Oh what a tangled web we weave!!!! Deceit, hatred, $$$$ & SEX!:furious:
 
  • #166
I'd like to know more about DY's illness and why custody of Kyron went to KH. I don't recall reading all the facts. Does anyone know if they're available?
 
  • #167
All I can say as a 40 something mother of 2 twenty somethings (and I didn't have custody of them since they were 2 and 3), the court deems stability and continuity as the major factor in who gets full custody. In other words, since Kyron had lived at his dad's full time for 5 years without any "known" complications, the court would be hard pressed to change the arrangement meaning to uproot the child. From the courts/judge standpoint, if it ain't broke don't fix it.

All Desiree had to do is make a phone call to any competent lawyer who specialized in family/custody law and she would have been advised to be prepared to spend at least 6 figures on legal fees, court dates, psychological evaluations, etc, etc, etc, and then she probably would have been told that Ky gets to stay with Kaine. Then she would have to weigh this effect on her beautiful child who she was seeing on a regular bases, anyways.

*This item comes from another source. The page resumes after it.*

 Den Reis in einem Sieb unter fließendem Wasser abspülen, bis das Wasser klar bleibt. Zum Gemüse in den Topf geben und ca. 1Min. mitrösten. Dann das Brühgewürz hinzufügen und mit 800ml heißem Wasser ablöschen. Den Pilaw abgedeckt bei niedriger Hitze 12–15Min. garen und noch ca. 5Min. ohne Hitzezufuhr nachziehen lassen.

I lost custody of my two babies when I was in my early 20s because my ex and his family had money and lawyers in the family. I didn't do anything wrong. I was just out numbered financially and legally. In the end, it didn't effect my relationship with my children (thank goodness), but all the legal wrangling and tugging on them has had a significant impact on who they are as adults.

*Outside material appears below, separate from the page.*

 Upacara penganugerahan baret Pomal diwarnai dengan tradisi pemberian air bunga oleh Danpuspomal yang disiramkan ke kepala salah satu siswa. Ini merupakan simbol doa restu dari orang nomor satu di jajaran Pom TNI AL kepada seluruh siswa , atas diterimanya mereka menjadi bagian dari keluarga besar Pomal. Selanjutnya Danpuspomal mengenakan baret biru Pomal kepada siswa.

Wow, That is so sad for you, and why can't some fathers just "have a heart"! It should not be a matter of who has the most money, or the best home with all the trimmings, and i find it deplorable that it hinges on this. What about what is best for the children, and like i said earlier, the mother and child bond, and any psychologist knows how important the mother/son relationship and father/daughter relationship is to a child. I just don't understand why a child or children should go to the parent with the most assets, as if that mattered! Unless a biological mother wants to give up custody, then i feel that is her choice, but otherwise i see no reason for it, unless a mother is mentally incapable to care for her children.
 
  • #168
I think I understand what you're trying to say but I'm a bit confused so maybe not. Children cannot care for themselves. They cannot feed or clothe themselves. They lack the brain function to make decisions that protect their safety and welfare. They do naughty things at times but their sense of wonder and lack of experience make them innocent. That's why being a child equates to lack of capacity in many jurisdictions with regard to criminal cases.
Therefore, expressing hatred towards a child, especially one who has been entrusted to your care, is much worse than expressing hatred to another adult, IMO.


bbm and respectfully snipped from upthread

I agree 100% with the above bolded statement. Thing is, there is no evidence or even information being provided to us that TH EVER expressed hatred to Kyron, ever. It's not even alleged by her own husband, who was there, according to his own testimony, most of the time as primary caretaker. This alleged email(s) that Desiree refers to is from my understanding written (as in venting) to another adult. So until we see the email(s), it would be impossible to know what is behind the meaning, maybe not even then.

Gitana, can you see a reason for them, LE or Desiree, (not sure if Kaine has even seen the aforementioned email(s)), not releasing the actual documents now that the cat has virtually been let out of the bag. If these emails show so adamantly that Terri hated Kyron, and Desiree has already said that, why not release them?
 
  • #169
bbm and respectfully snipped from upthread

I agree 100% with the above bolded statement. Thing is, there is no evidence or even information being provided to us that TH EVER expressed hatred to Kyron, ever. It's not even alleged by her own husband, who was there, according to his own testimony, most of the time as primary caretaker. This alleged email(s) that Desiree refers to is from my understanding written (as in venting) to another adult. So until we see the email(s), it would be impossible to know what is behind the meaning, maybe not even then.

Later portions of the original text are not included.